24 января 1937 года:
На второй день московского процесса «Параллельного антисоветского троцкистского центра» устроил яркое представление Карл Радек. В то время как другие обвиняемые говорили вяло и угрюмо, Карл Бернгардович, который, как стало доподлинно известно уже в наше время, принимал активное участие в разработке сценария всего этого дела, красочно и со вкусом произнес целую речь о троцкизме, перечислил целый ряд новых террористических групп, возвел обвинение на Николая Бухарина и стал наиболее полезным для суда и убедительным обвиняемым.
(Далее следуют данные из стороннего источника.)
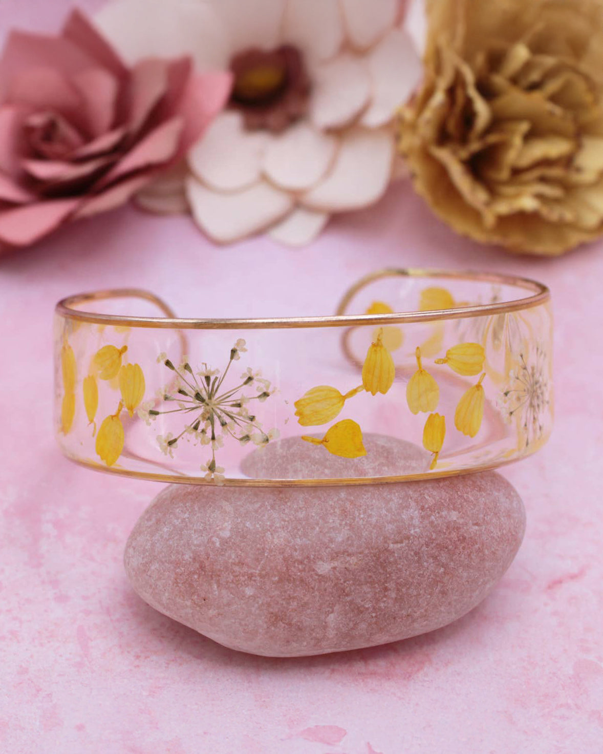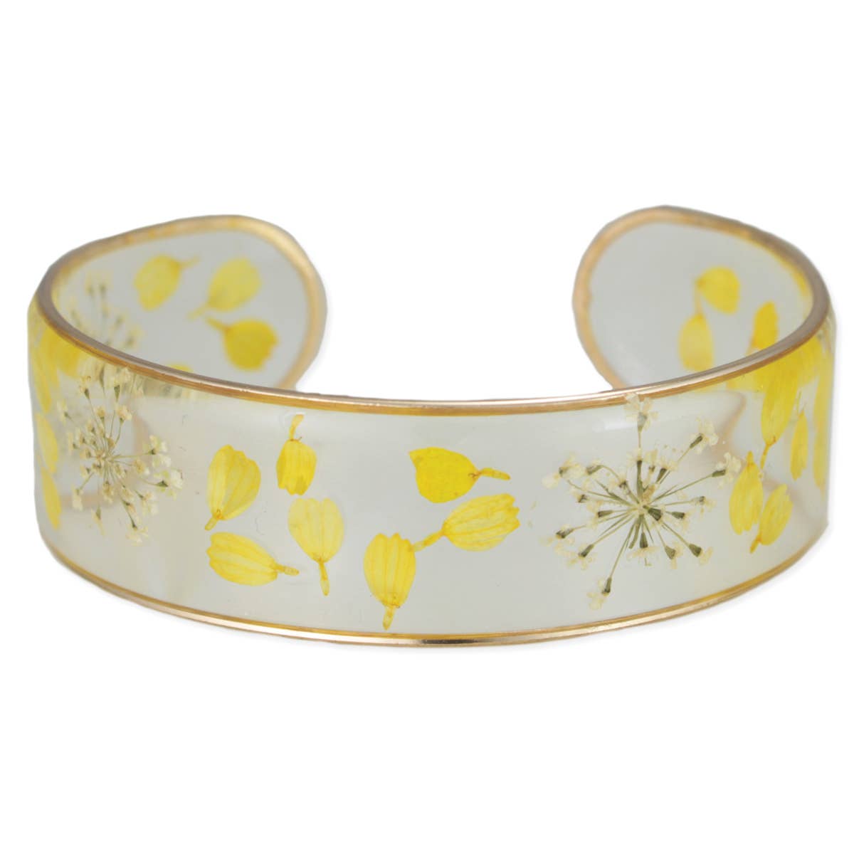 A garden on your wrist—this wide clear cuff showcases delicate yellow and white dried flowers preserved inside transparent acrylic. Framed in gold-tone metal, the vibrant florals seem to float, offering a fresh, nature-inspired twist to your look. Lightweight and full of charm, it's a true statement piece for flower lovers.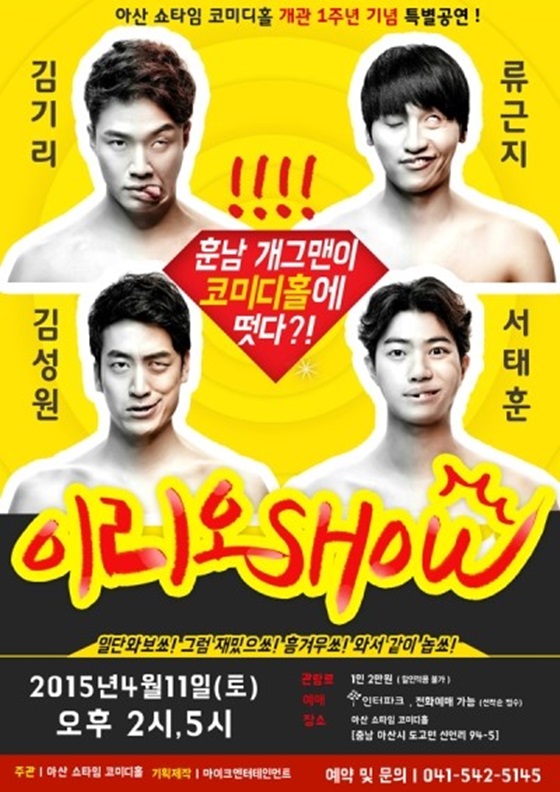 이들은 11일 오후 2시와 5시 2회에 걸쳐 충남 아산 쇼타임코미디홀(이하 코미디홀)에서 소극장 개그 쇼 '이리오쇼(이리오Show)'를 개최하고 팬들과 만난다.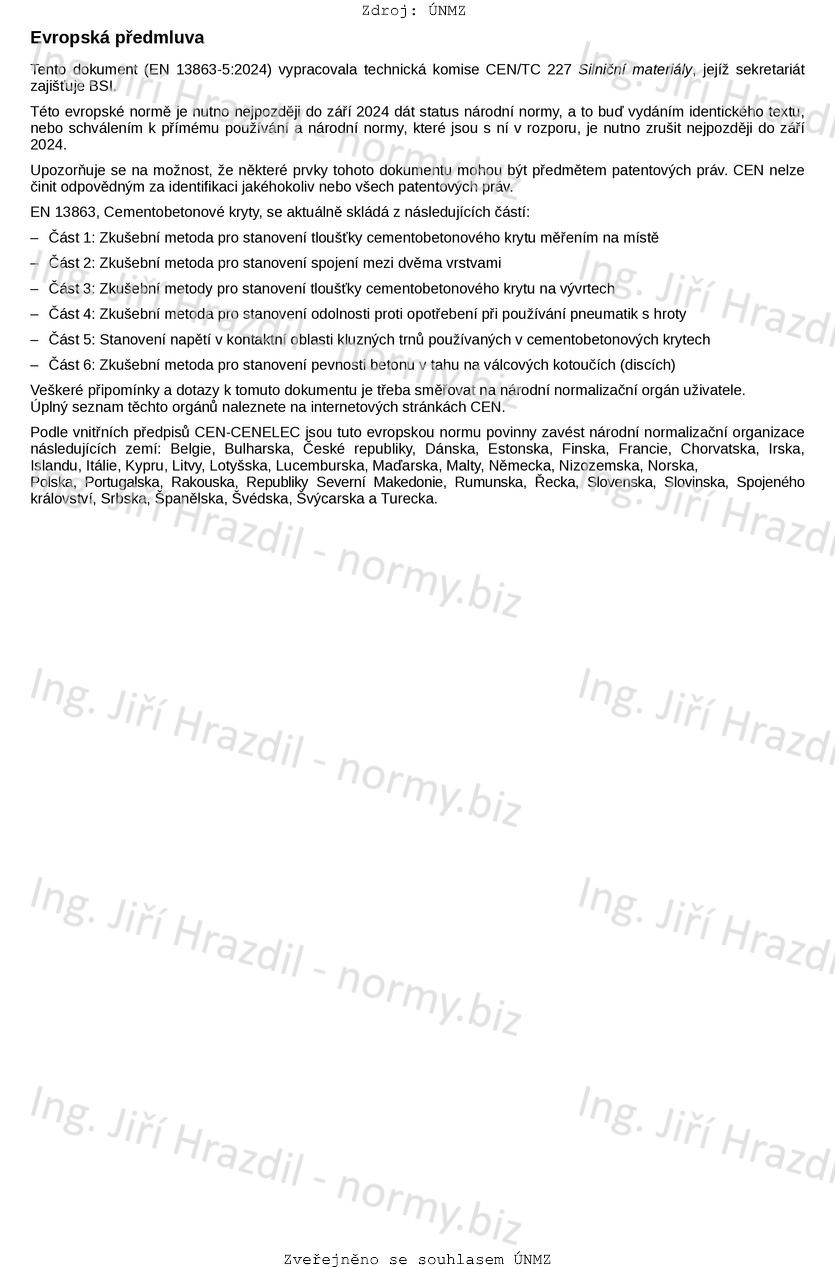 Cementobetonové kryty - Část 2: Zkušební metoda pro stanovení spojení mezi dvěma vrstvami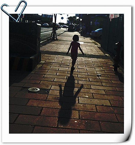 小恩妹妹跑在前面,地上閃閃發亮的,趕緊拿出現機拍下來。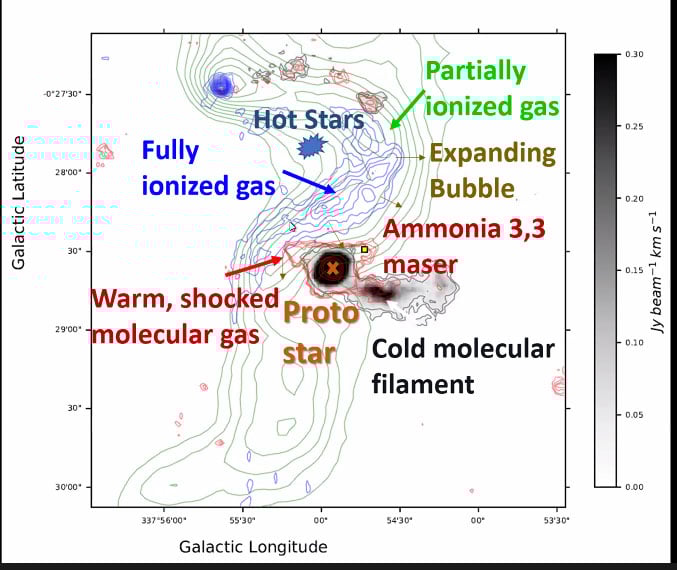 What can this protostar tell us about triggered star formation? For one thing, its location is a big hint. It lies directly at the intersection between one of those expanding HII bubbles made by the birth of nearby stars and a rich, dense filament in the body of the Nessie Nebula. The bubble contains high-energy stars and HII regions, along with the bright young protostar. The team looked specifically at the intersection of the bubble and the filament and found radio emissions from warm ammonia gas and silicon monoxide (SiO).
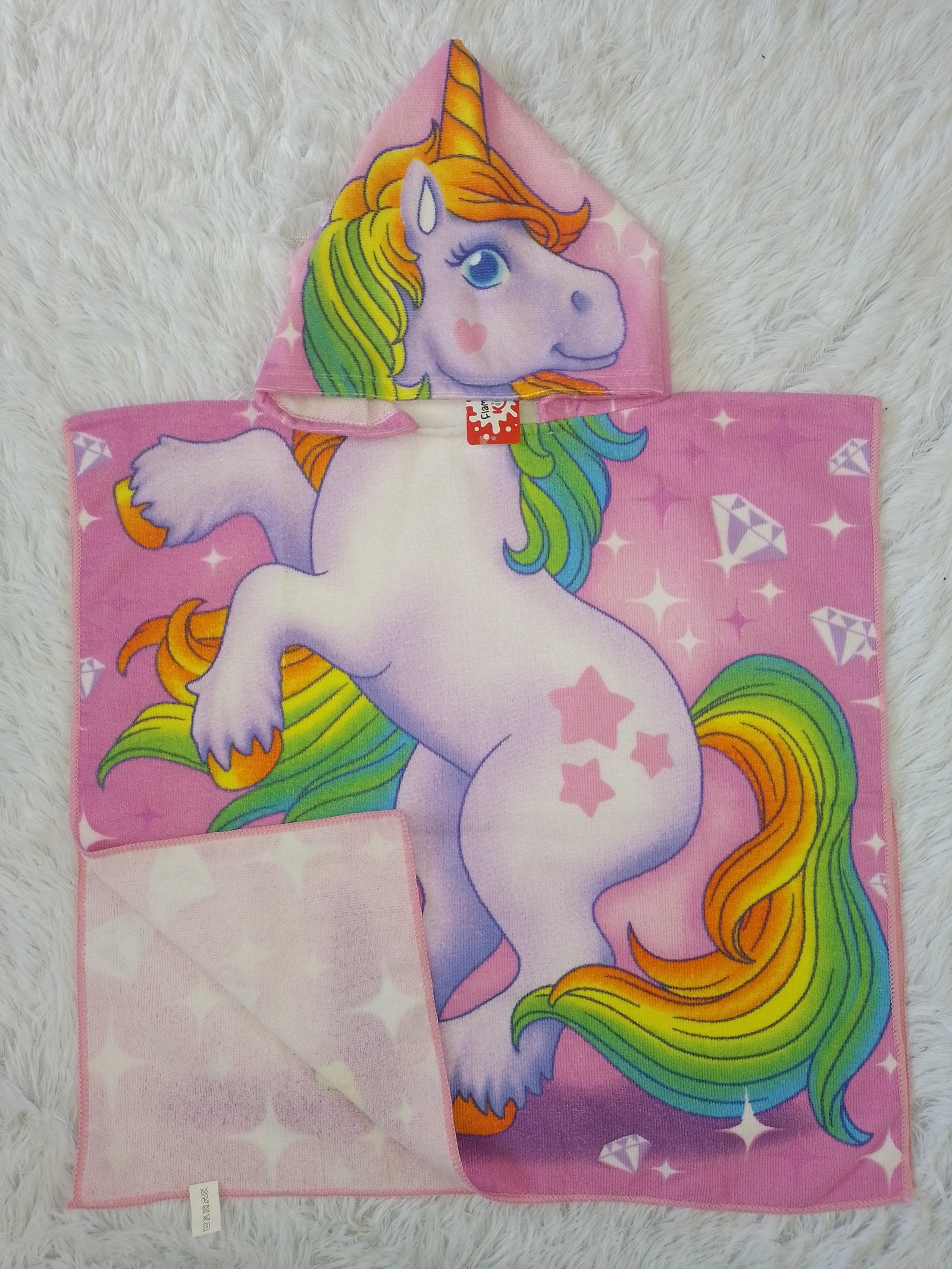 Salida de baño de microfibra para niñas de dos a cinco años , con personaje de Unicornio con fondo rosado Medidas de 90cm de largo por 60cm ancho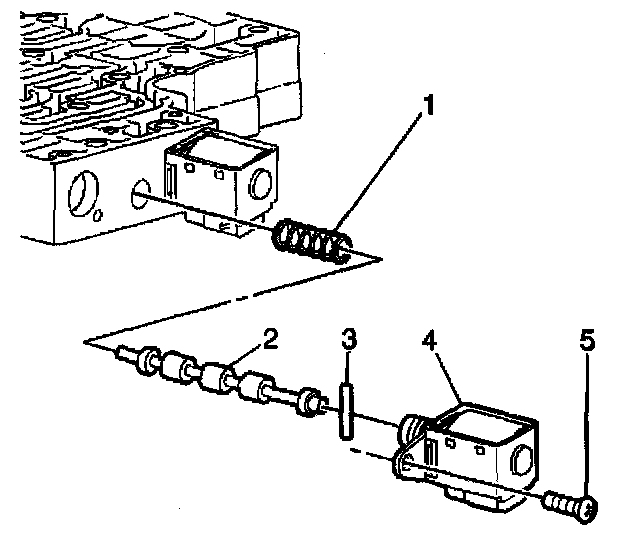 27. Remove the 2-3 shift solenoid valve bolt (5).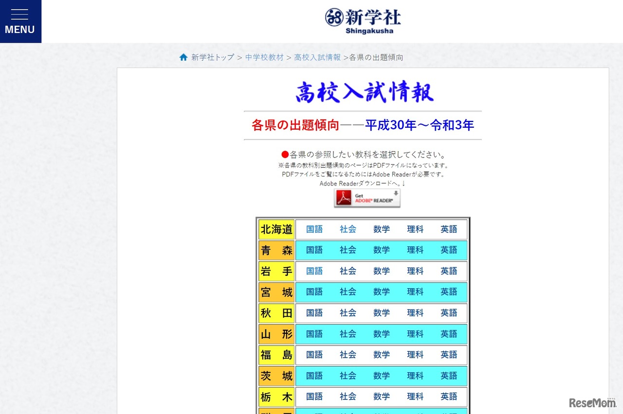新学社は2021年11月30日、2022年度公立高校入試に向けて、47都道府県の過去4年分の出題傾向を公表した。国語・数学・英語・理科・社会の各教科について、傾向と対策をWebサイトにまとめている。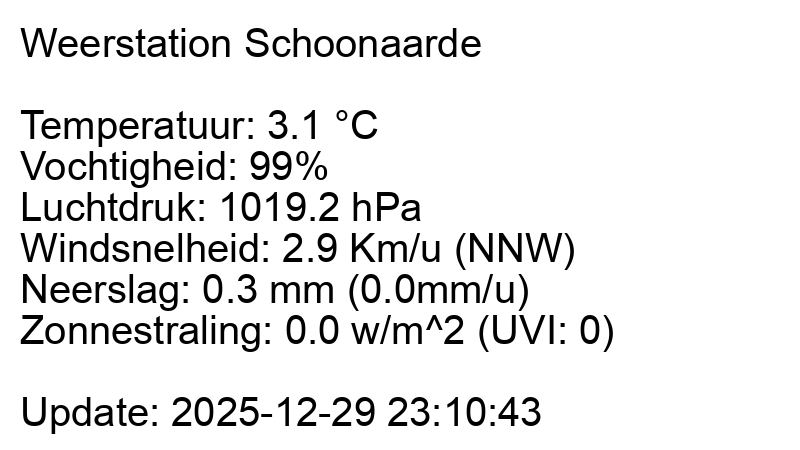 Sinds 2021 heb ik een weerstation geplaatst in Schoonaarde. Dit weerstation verzameld alle standaard parameters.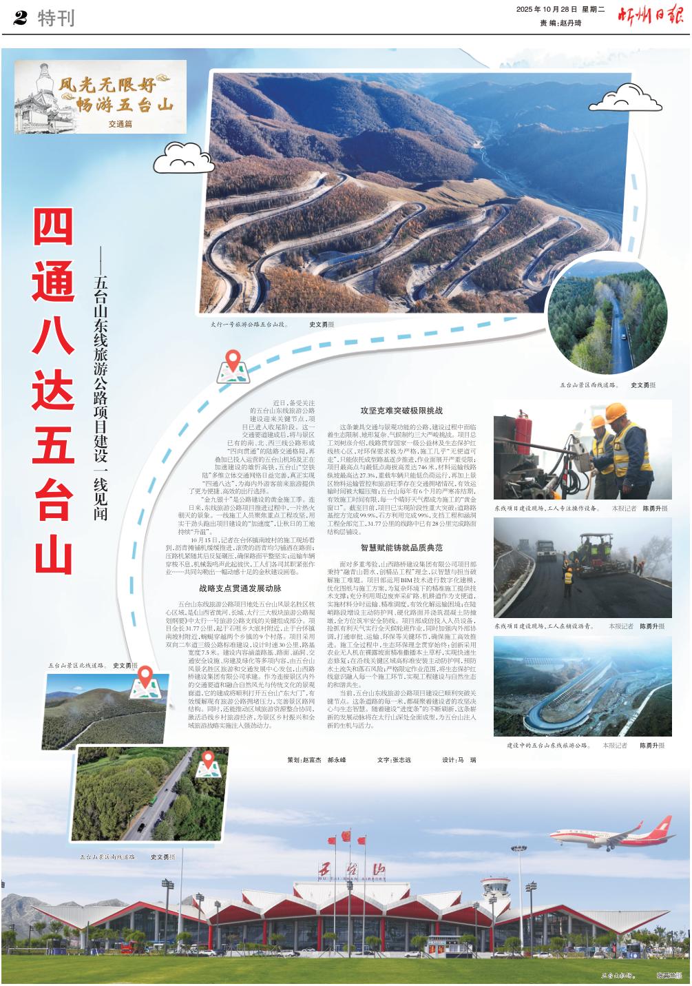 近日,備受關(guān)注的五臺山東線旅游公路建設(shè)迎來關(guān)鍵節(jié)點(diǎn),項(xiàng)目已進(jìn)入收尾階段。這一交通要道建成后,將與景區(qū)已有的南、北、西三線公路形成“四向貫通”的陸路交通格局,再疊加已投入運(yùn)營的五臺山機(jī)場及正在加速建設(shè)的雄忻高鐵,五臺山“空鐵陸”多維立體交通網(wǎng)絡(luò)日益完善,真正實(shí)現(xiàn)“四通八達(dá)”,為海內(nèi)外游客前來旅游提供了更為便捷、高效的出行選擇。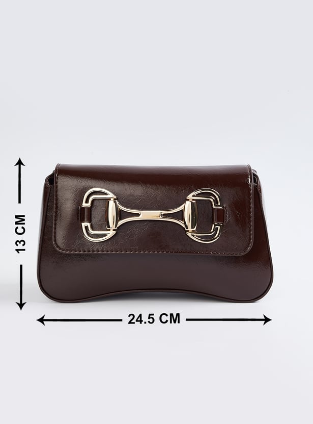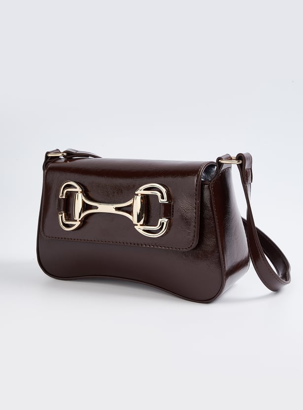 Step out in style with this buckles shoulder bag. Featuring a flap snap button closure and a sturdy shoulder strap, it combines functionality with a modern, versatile design.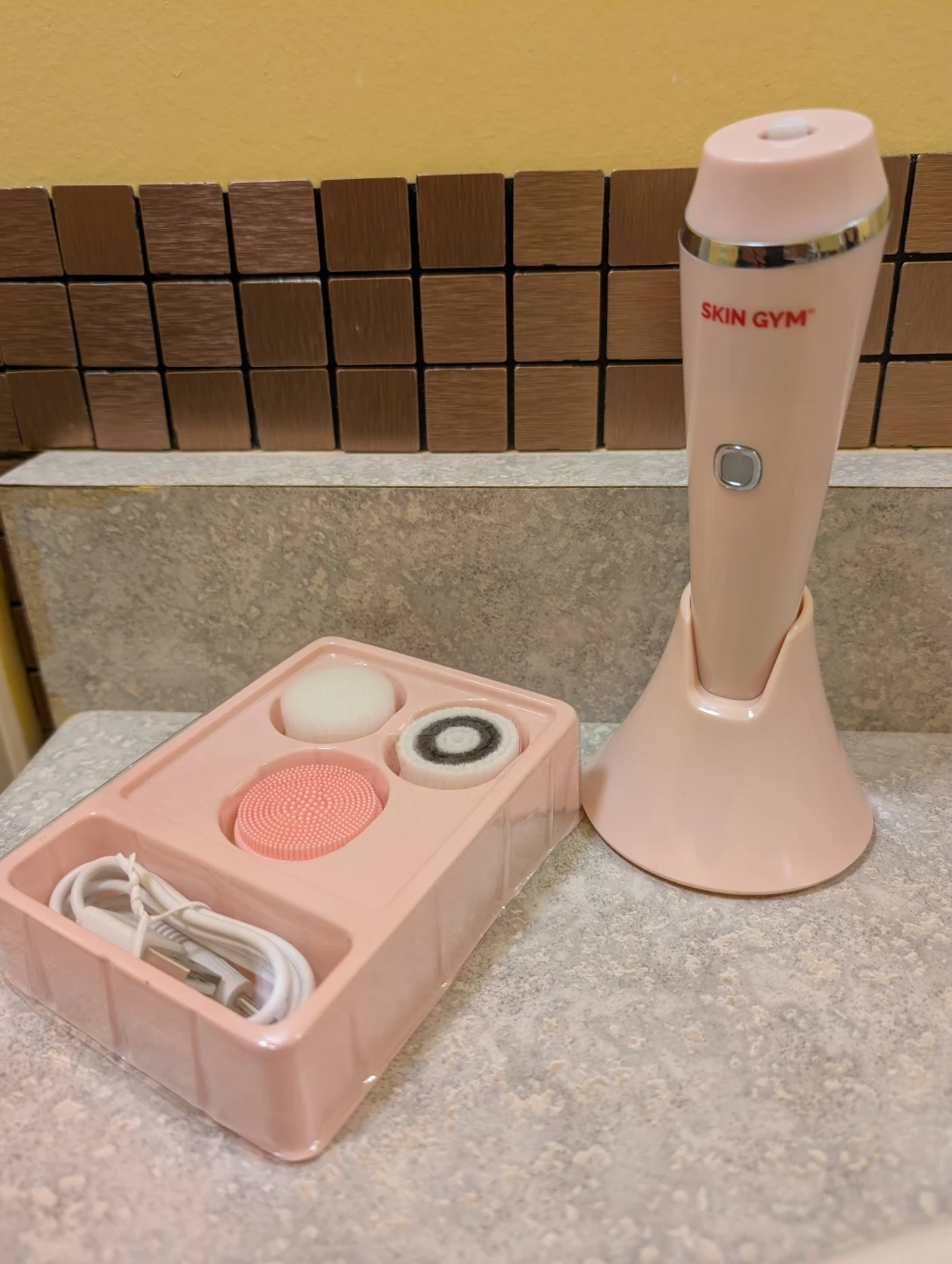 Selling a Skin Gym Cleania 3-in-1 Cleansing Brush Set! This set includes the brush and three different brush heads for a complete cleansing experience. It also comes with its charging cable. Perfect for keeping your skin clean and refreshed!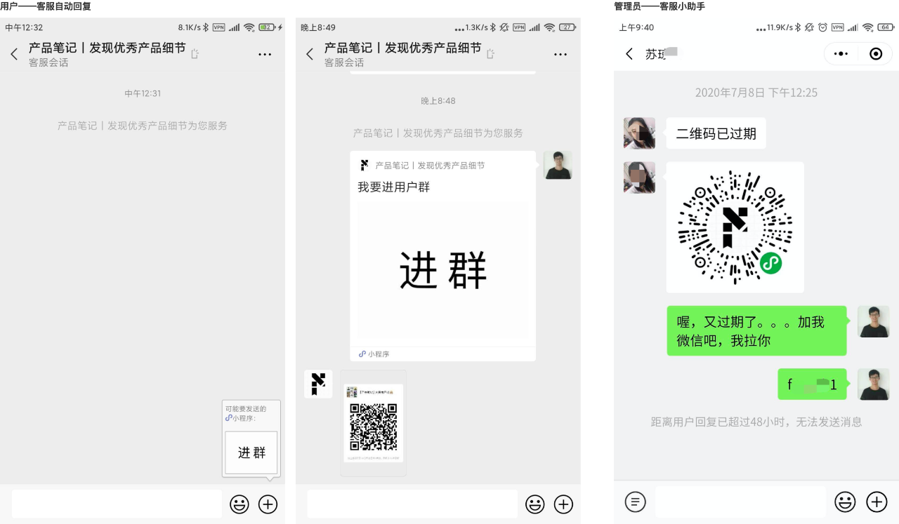 小程序不具备小程序内扫描二维码的能力,因此如果要实现关注公众号或加用户群功能大家一般都利用微信客服功能的自动回复来实现。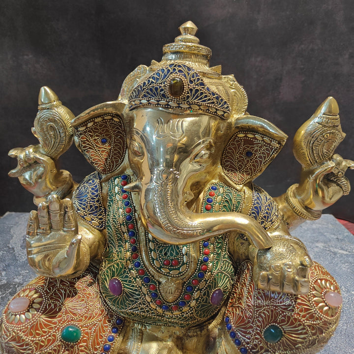 Brass Handcrafted Aashirwad Ganapati Idol With Stone Work 14 Inches

Однако когда Вышинский, любивший задавать обвиняемым неожиданные вопросы и выворачивавший ответы наизнанку, попробовал проделать то же и с Радеком, то получил несколько острых отповедей (Радек позволял еще себе язвить: «Вы глубокий знаток человеческих душ, но я, тем не менее, изложу мои мысли собственными словами»). На вопрос Вышинского: «Вы это приняли? И вы вели этот разговор?» Радек парировал: «Вы это узнали от меня, значит, я и вел этот разговор». Вышинский напомнил Радеку, что тот не только не донес о заговоре, но также отказывался давать показания в течение трех месяцев, и спросил: «Не ставит ли это под сомнение то, что вы сказали относительно ваших колебаний и дурных предчувствий?» В ответ Карл Бернгардович указал на слабейший пункт всего дела: «Да, если вы игнорируете тот факт, что узнали о программе и об инструкциях Троцкого только от меня, – тогда, конечно, это бросает сомнение на то, что я сказал… Все прочие показания других обвиняемых покоятся на наших[3] показаниях. Если вы имеете дело с чистыми уголовниками, то на чем вы можете базировать вашу уверенность, что то, что мы сказали, есть правда, незыблемая правда?» Вопрос остался без ответа; председательствующий поспешил объявить перерыв.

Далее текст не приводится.